D’autres se sentent gênés dans leurs croyances religieuses. Pour certains, nous faisons partie d’un plan divin et nous n’avons pas le droit d’intervenir dans cette destinée. Il en va de même pour les juifs ou les musulmans qui refuseront les xénotransplantations de tissus provenant du porc. Il s’agit là d’une éthique de conviction que le chercheur doit respecter, mais qui ne justifie pas qu’on doive arrêter la recherche dans ce domaine au nom de croyances religieuses. Comme on le constate, les applications des biotechnologies ébranlent non seulement les fondements de la biologie, mais questionnent l’Homme jusque dans ses origines, ses croyances et sa culture. Et c’est sans doute dans cette dernière dimension que le danger se manifeste au plus haut degré. Bien que j’adhère à la morale de l’utilitarisme qui préconise le plus grand bien pour le grand nombre possible, je suis conscient qu’en modifiant notre relation de l’être humain avec la nature, nous intervenons directement sur la culture. À titre d’exemple, l’avènement du train a eu des répercussions considérables sur le mode de vie des gens qui vivaient dans l’Ouest du Canada. Au même titre, le fait de modifier le génome d’un animal pour en faire un bio réacteur pour la fabrication de protéines humaines risque de changer la perception que nous avons du monde qui nous entoure.

LE CHERCHEUR ET LA POMME…

Un théologien me faisait remarquer un jour que l’arbre d’où Ève cueillit la pomme, s’appelait dans les saintes écritures, l’arbre de la connaissance… Je ne suis ni philosophe, ni théologien, ni juriste, ni sociologue. Je ne suis que le biologiste qui essaie de disséquer le fonctionnement du vivant en ayant recours aux meilleurs outils à ma disposition. Et en ce sens, la transgenèse constitue l’une des approches les plus puissantes pour étudier un gène dans un environnement “ normal ”. Pour le biologiste que je suis la maladie constitue une aberration. Le dernier siècle a généré une somme impressionante d'informations sur le fonctionnement du corps humain. La biologie moléculaire s'inscrit dans cette évolution. Et si on peut sauver la vie d'un enfant en lui offrant un coeur de porc, tant mieux ! Après tout, pour le meilleur ou pour le pire nous possédons l'intelligence et le savoir, c'est nous qui avons le microscope et non le porc...Si l'inverse était vrai, nous servirions de donneurs d'organes pour le porc !
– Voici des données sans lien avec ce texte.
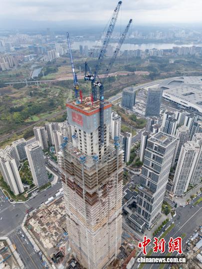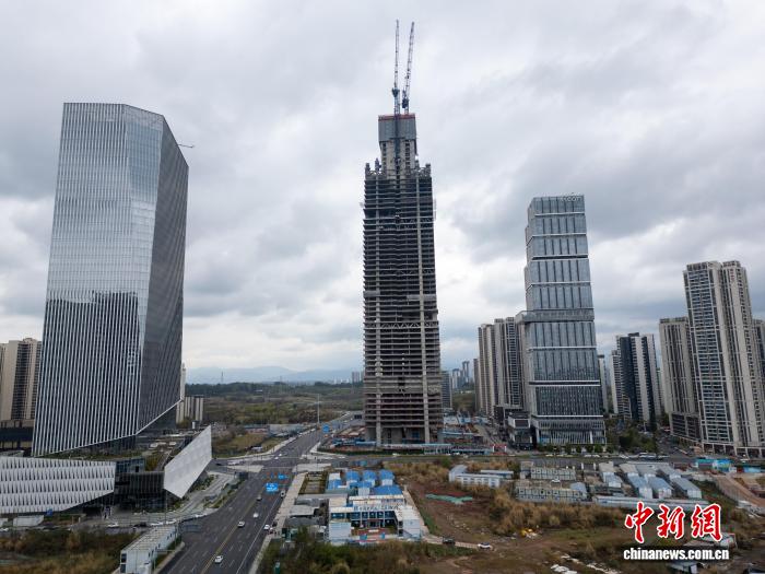 拍扶植中的中海成皆天府新区超下层名目。今朝该名目主体下度已冲破300米,是散写字楼、贸易、旅店、不雅光于1体的年夜型归纳体,主塔总修筑下度489米,修成后将成为成皆新天标。(无人机相片)中新社记者 弛浪 摄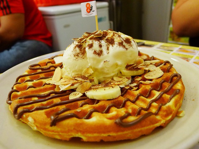 Waffle with Nutella and Bananas with Vanilla Ice-cream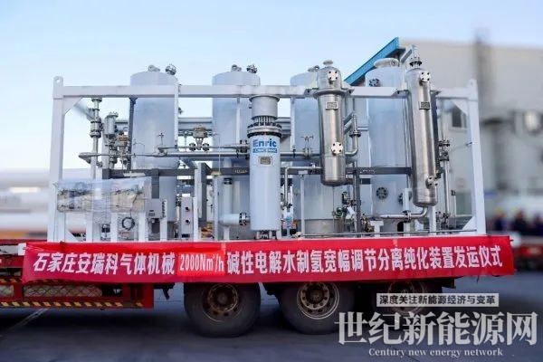2024年12月2日下午,由石家庄安瑞科气体机械有限公司自主研发的2000Nm³/h碱性电解水制氢宽幅调节分离纯化设备顺利发运,标志着石家庄安瑞科电解水制氢后处理相关产品正式走向市场。

Comme c’est le cas pour beaucoup d’autres domaines, il y a des applications de la transgenèse qui sont incontournables et d’autres que l’on doit éviter à tout prix. Transformer le pis d’une brebis en bio réacteur, alors que l’animal n’en souffre pas et qu’il devient possible de purifier un facteur de coagulation ou de l’-antitrypsine humaine en grande quantité, m’apparaît tout à fait recevable. Modifier les protéines de surface des tissus porcins pour qu’éventuellement on puisse transférer ces organes chez l’humain, constitue un exploit remarquable.

Par ailleurs, pour la première fois dans l’histoire de l’humanité, jamais l’Homme n’a été si près de comprendre ses origines et de modifier son futur. De la souris, nous sommes passés à la brebis, à la chèvre et à la vache. Est-ce que la prochaine étape ne devrait pas être la modification du génome humain? Le clonage récent d’une brebis adulte a simplifié grandement le processus de la transgenèse. De plus en plus d’intervenants en reproduction assistée admettent qu’il serait peut-être acceptable d’offrir aux couples infertiles un enfant provenant d’une cellule du père ou de la mère!

Il ne faut compter ni sur la législation ni sur les embûches techniques pour prévenir l’application des biotechnologies à l’humain. Seul un débat social mènera à des choix éclairés. Le Siècle Biotech, malgré quelques imprécisions techniques, provoque et ranime la polémique pour que survive le questionnement.